Atherosclerosis is considered a chronic inflammatory disease, and lipid elevations are clearly associated with plaque formation. Several cell types including macrophages, endothelial cells (ECs), platelets and vascular smooth muscle cells (VSMCs) are involved in atherogenesis, and the migration and proliferation of VSMCs within the vascular wall are crucial events in atherosclerotic lesion formation . Platelet-derived growth factor (PDGF) is a major contributor to these processes . PDGF-ligand and -receptors (PDGFR) are significantly upregulated in atherosclerotic plaques , and inhibition of PDGFR signaling by specific antibodies or tyrosine kinase inhibitors potently inhibited atherogenesis in various models [14,15]. Recent studies demonstrated that of the various isoforms and receptor subtypes βPDGFR-mediated signals are particularly important for neointima formation following vascular injury [15,16]. The importance of PDGF in atherogenesis was recently further supported, as upregulation and activation of the βPDGFR in LDLR−/smLRP1−-mice was associated with extensive atherosclerosis, and this response was prevented by the PDGFR-specific tyrosine kinase inhibitor STI571 .
In addition to lipid elevations direct effects of PI on the cellular level have been reported, which may exert adverse as well as beneficial sequels.
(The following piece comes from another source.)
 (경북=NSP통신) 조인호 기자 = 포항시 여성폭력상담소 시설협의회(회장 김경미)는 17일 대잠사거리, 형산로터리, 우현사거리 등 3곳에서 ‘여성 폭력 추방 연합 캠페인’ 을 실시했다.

For example, lipodystrophy may be caused by direct effects of PI on adipocytes as shown in vitro , and subcutaneous adipocyte apoptosis occurs in lipoatrophic areas of patients in vivo. In vascular cells, ritonavir significantly decreased cell viability of human ECs at concentrations near therapeutic plasma levels . Consistent with this study, the use of HIV PI in humans is associated with endothelial dysfunction in vivo , representing an early stage of atherosclerosis. In addition to the harmful influence on endothelial integrity and function, beneficial effects of PI on the vascular wall have also been reported. In HIV-infected patients, elevated levels of endothelial markers including soluble adhesion molecules (sVCAM-1, sICAM-1) and von Willebrand factor were significantly reduced by antiretroviral therapy including PI .
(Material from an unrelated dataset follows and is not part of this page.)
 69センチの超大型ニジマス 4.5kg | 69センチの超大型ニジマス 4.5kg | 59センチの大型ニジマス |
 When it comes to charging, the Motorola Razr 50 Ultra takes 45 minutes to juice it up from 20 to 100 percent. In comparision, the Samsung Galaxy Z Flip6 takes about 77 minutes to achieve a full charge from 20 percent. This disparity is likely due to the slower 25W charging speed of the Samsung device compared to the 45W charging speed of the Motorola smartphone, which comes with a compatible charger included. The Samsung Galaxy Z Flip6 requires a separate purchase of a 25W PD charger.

The above studies provide evidence for direct actions of PI on various cell types including vascular ECs on the cellular level. Here we investigated, whether ritonavir exerts direct effects on VSMCs and affects PDGF-BB-induced cell migration and proliferation.
Cells and reagents
VSMCs were isolated from rat thoracic aorta (Wistar–Kyoto; 6–10 weeks old; Charles River Wega GmbH, Sulzfeld, Germany) by enzymatic dispersion as previously described . Cells were grown in a 5% CO2 atmosphere at 37°C in Dulbecco's modified Eagle's medium (DMEM) supplemented with 100 U/ml penicillin, 100 μg/ml streptomycin, 1% nonessential amino acids (100×) and 10% fetal calf serum (FCS). PDGF-BB was purchased from Promo Cell (Heidelberg, Germany). Antiphosphotyrosine antibodies were purchased from Santa Cruz Biotechnology (Santa Cruz, California, USA) (PY20) and Upstate Biotechnology (Lake Placid, New York, USA) (4G10). Antibodies against the βPDGFR (97A) and RasGAP (69.3) were a kind gift from Andrius Kazlauskas (Harvard Medical School, Boston, Massachusetts, USA). The phospho-Erk 1/2 (Tre 202, Tyr 204) antibody and the phospho-Akt (Ser 473) antibody were purchased from Cell Signaling (Beverly, MA, USA).
PDGF-dependent cell cycle progression was measured by a 5-bromodeoxyuridine (BrdU)-incorporation assay . Cells were synchronized overnight, followed by pre-incubation with ritonavir for either 1 or 24 h, as indicated. PDGF-BB was added to cells for 12–24 h at the indicated concentrations in the absence or presence of ritonavir. BrdU-incorporation was carried out according to the manufacturers specifications (Roche, Mannheim, Germany) with an incorporation time of 12 h.
PDGF-dependent chemotaxis was assayed using a 48-well modified Boyden chamber (NeuroProbe, Baltimore, Maryland, USA) and polyvinyl pyrrolidone-free polycarbonate filters (8 μm pores) (Poretics, Livermore, California, USA) as previously described . In brief, the lower wells of the chamber were filled with DMEM supplemented with 10 ng/ml PDGF-BB or vehicle in the presence or absence of various concentrations of ritonavir as indicated. The filters were coated with 50 mg/ml rat type I collagen (Collaborative Biomedical Products, Bedford, Massachusetts, USA) and fixed atop the bottom wells. VSMCs were trypsinized, washed, and 20 × 103 cells were placed into the top wells of the chamber. The chamber was incubated for 5 h at 37°C in a 5% CO2 atmosphere and was then disassembled. The cells on the upper surface of the filter were gently removed, and the cells on the lower surface were fixed and stained with Diff-Quick (Baxter Healthcare, Miami, Florida, USA). Chemotaxis was quantified by counting the number of cells on the lower surface of the filter in each well.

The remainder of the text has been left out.